+++ Data for review +++

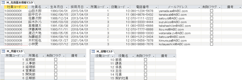 これで社員基本情報マスタテーブルが作成できました。同様の手順で「所属マスタ」「役職マスタ」も作成しましょう。
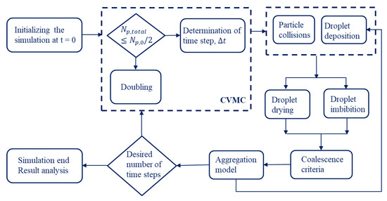 The simulation cell represents a sample of the particle population. Initially, the number of particles in the simulation cell is 1000, and it changes depending on the micro-scale mechanisms, such as agglomeration or breakage, that prevail during the simulation. However, breakage of already formed agglomerates is not considered in the present work, to first concentrate on the influence of the different milk powders (SMP and WMP) on growth. The agglomerates produced from the milk powders without a binder by glass transition are expected to be stable, but this assumption will have to be checked experimentally in future work. In the case of agglomeration without breakage, the particle population doubles at regular intervals when the number of particles in the simulation cell is halved. This type of particle regulation MC method is termed a constant volume MC (CVMC) model. The simulation scheme of the CVMC model is shown in Figure 1.
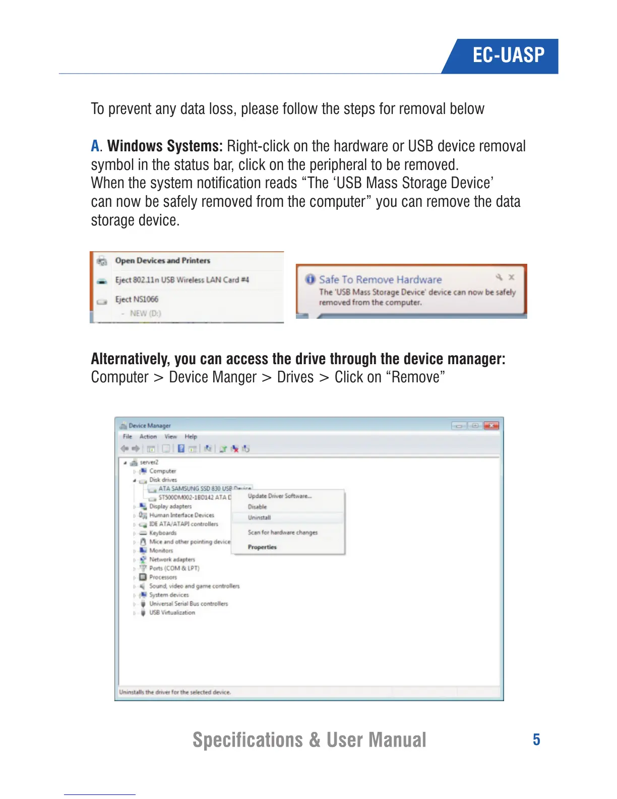 AWindows Systems: 5LJKWFOLFNRQWKHKDUGZDUHRU86%GHYLFHUHPRYDO
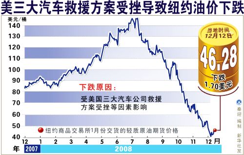 受美國三大汽車公司救援方案受挫等因素影響,12月12日國際油價(jià)下跌,紐約油價(jià)跌至47美元之下。
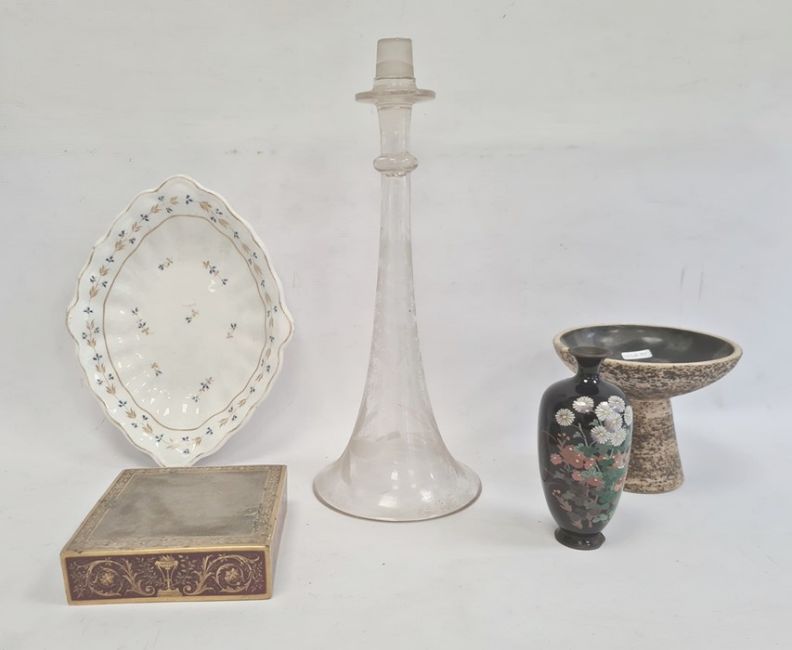 19th century Derby porcelain dish, fluted oval and decorated with cornflowers, 28cm wide, Vienna porcelain square pedestal stand with neo-classical scrolling gilt decoration on a burgundy ground, 13.5cm diameter, etched glass epergne vase, small Japanese cloisonne enamel vase and stoneware stem bowl (5)

+++

** Work task **
Only the lines from the one containing "受美國三大汽車公司救援方案受" through the last line of the entries, both included, should be repeated exactly, and the pictures should be left out.

** Expected answer **
 受美國三大汽車公司救援方案受挫等因素影響,12月12日國際油價(jià)下跌,紐約油價(jià)跌至47美元之下。
 19th century Derby porcelain dish, fluted oval and decorated with cornflowers, 28cm wide, Vienna porcelain square pedestal stand with neo-classical scrolling gilt decoration on a burgundy ground, 13.5cm diameter, etched glass epergne vase, small Japanese cloisonne enamel vase and stoneware stem bowl (5)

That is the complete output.